Satisfy the requirement of
Figure BDA00035456311200001215
The method is judged to be abnormal, otherwise, the method is judged to be normal. The threshold τ is determined based on the maximum acceptable false alarm rate.
In this embodiment, the batdial data set, the safe water treatment (SWaT) data set, and the safe water distribution (WADI) data set provided by the network security research center of the university of singapore science and design are selected for verification.

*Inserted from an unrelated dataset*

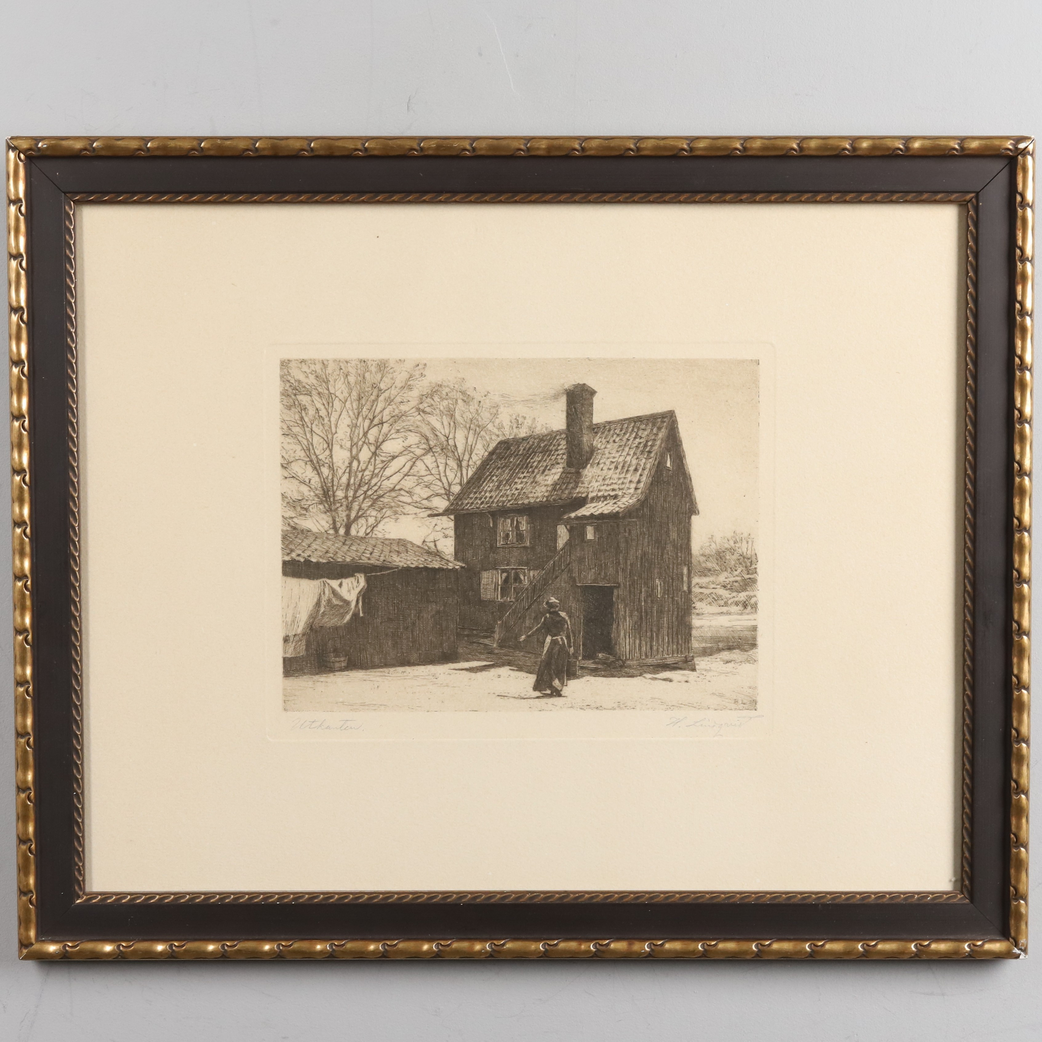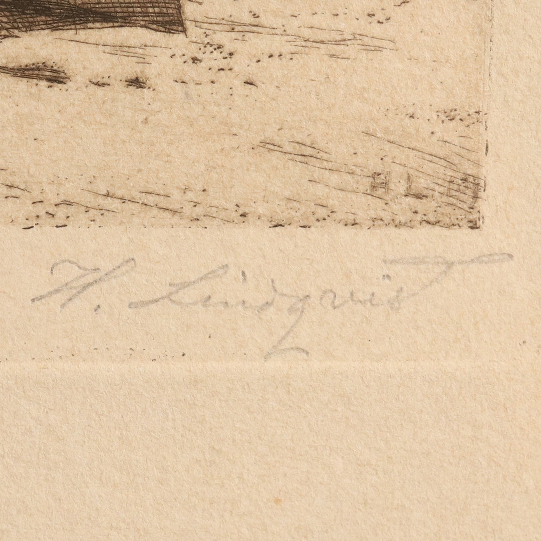 4990094. HERMAN LINDQVIST. ETCHING, “Outskirts”, signed.

The experimental conditions of this example are as follows:
one high-performance server, a windows 1064-bit system, a python compiling environment and a Pythrch framework.
The effect of the model was evaluated from the following four aspects.
First, the experimental results were divided into the following four sample sets:
(1) TP: number of instances that are actually normal samples and are detected as normal by the model.
(2) FP: number of instances that are actually abnormal samples but are detected as normal by the model.
(3) FN: number of instances that are actually normal samples but are detected by the model as abnormal.
(4) TN: number of instances that are actually anomalous samples and are detected by the model as anomalous.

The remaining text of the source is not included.